Nusantarakini.com, Jepara. Satu hal ironis, di satu sisi memilih pemimpin adalah hal yang baik dan penting serta diwajibkan oleh agama, tetapi masyarakat yang agamis ini, Pilkada langsung hadir sebagai musibah periodik. Pada masa pilkada sering terjadi ketegangan yang luar biasa tinggi. Ketegangan itu mengancam kerukunan dan kebersamaan. Usaha kami untuk mengusahakan kemaslahatan bersama itu menjadi berantakan gara-gara program politik demokrasi, pilkada langsung.
Hal itu disampaikan Bapak Profesor Purwo Santoso dalam Sarasehan Budaya: Jepara dulu, kini dan yang akan datang, tanggal 10 September 2016 di Pendopo Kabupaten Jepara. Sarasehan ini menghadirkan juga Bapak Dr. Arief Akhyat dan Dr. Ahmad Uzair.
“Problemnya adalah ketika kita ngomong demokrasi lalu kita yang hadir adalah ego individu, ego yang sifatnya segmental, sehingga kolektifitas kebersamaan rakyat itu terabaikan, karena ego masing-masing orang itu beradu untuk berebut menang. Sehingga kerakyatan itu hilang oleh nafsu kemenangan.” Begitu lanjut pak Purwo.
Demokrasi adalah kontrol publik, sehingga publiklah yang melakukan kontrol. Tetapi publik itu itu hilang, tetapi yang ada adalah aku kecil. Bukan aku bersama. Dorongan untuk mengusahakan kemaslahatan bersama hilang karena karena kartu suaranya dijual kepada kontestan. Sehingga transaksi itu sah kalau kita memperlakukan diri kita sebagai tubuh individu, tapi kehilangan naluri publiknya. Transaksi itu adalah pelacuran naluri publik.

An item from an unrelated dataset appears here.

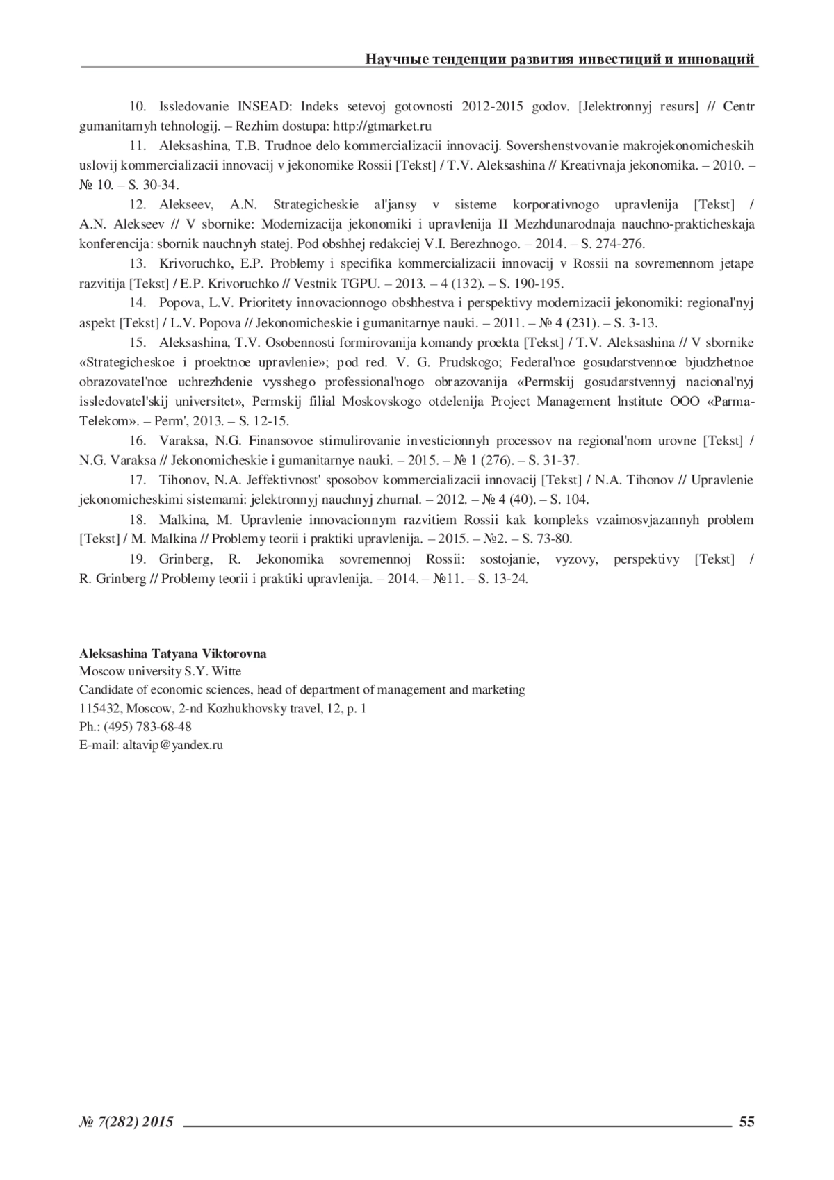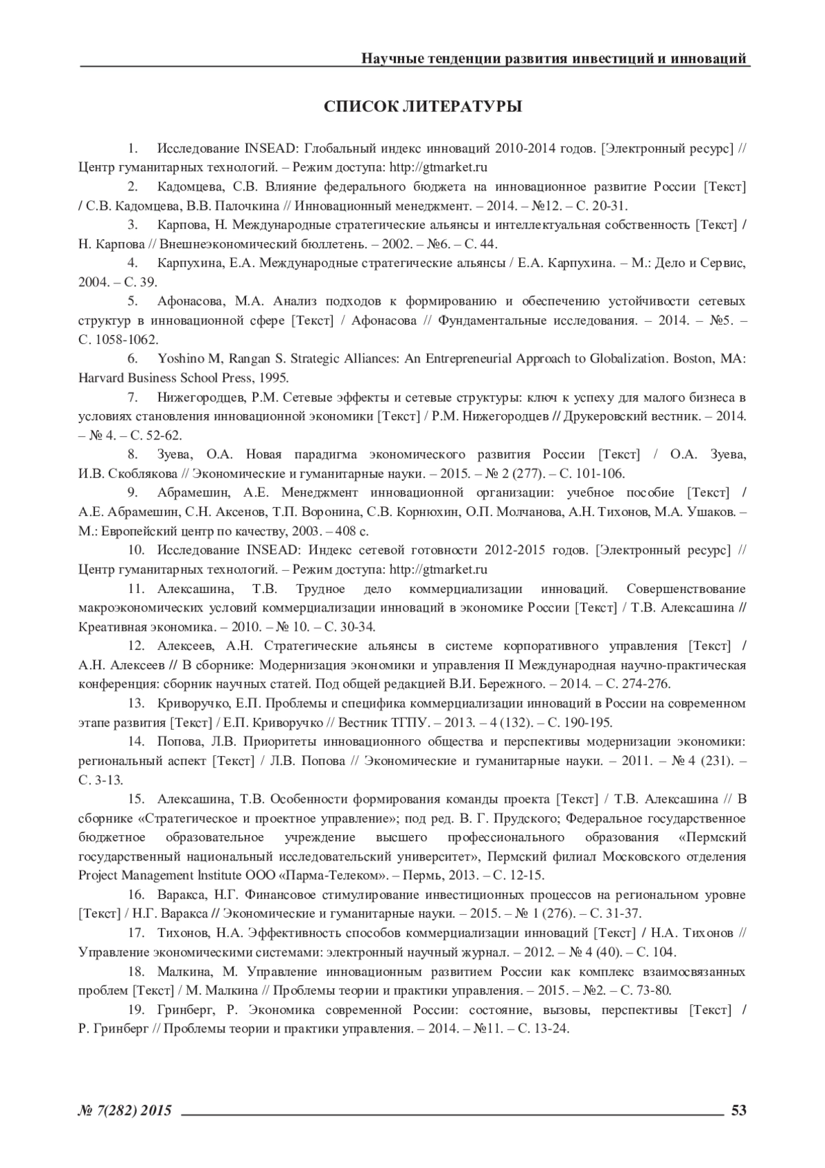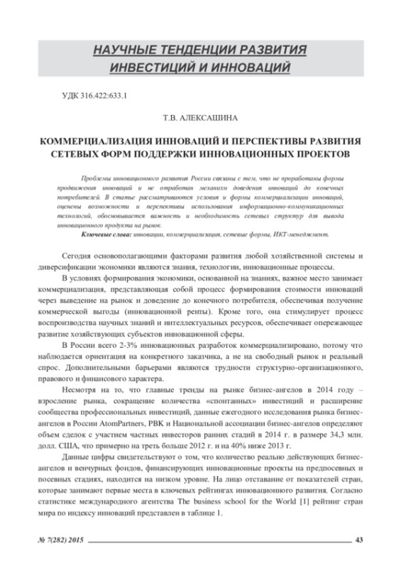 АЛЕКСАШИНА Т. В. КОММЕРЦИАЛИЗАЦИЯ ИННОВАЦИЙ И ПЕРСПЕКТИВЫ РАЗВИТИЯ СЕТЕВЫХ ФОРМ ПОДДЕРЖКИ ИННОВАЦИОННЫХ ПРОЕКТОВ // ЭКОНОМИЧЕСКИЕ И ГУМАНИТАРНЫЕ НАУКИ. 2015. № 7 (282)

Secara keagamaan kita dianjurkan untuk memilih pemimpin tapi yang senyatanya terbukti terpilih di mana-mana itu adalah yang punya kekuatan untuk membeli suara. Sehingga pemilihan pemimpin itu terjebak di dalam proses legitimasi para pemenang.
Pak Purwo Santoso mengusulkan, lapis masyarakat terdidik punya peranan strategis untuk mengawal pilkada, memastikan pertarungan politik itu dalam koridor kepantasan. Selain itu untuk menjaga kebersamaan dan akal sehat demi kemaslahatan bersama. Sehingga keharusan melakukan kontestasi tidak menghasilkan mudhorot atau keburukan.
Untuk melakukan itu, masyarakat terdidik perlu membangun jejaring. Jejaring orang yang punya nurani, punya keinginan agar hidupnya lebih bermanfaat, jejaring dari orang dari berbagai agama, universitas dan almamater. Dan untuk mengawal itu semua, saya kira harus ada tim yang bekerja cukup keras, membentuk sekretariat, untuk melakukan hal teknis untuk orang banyak.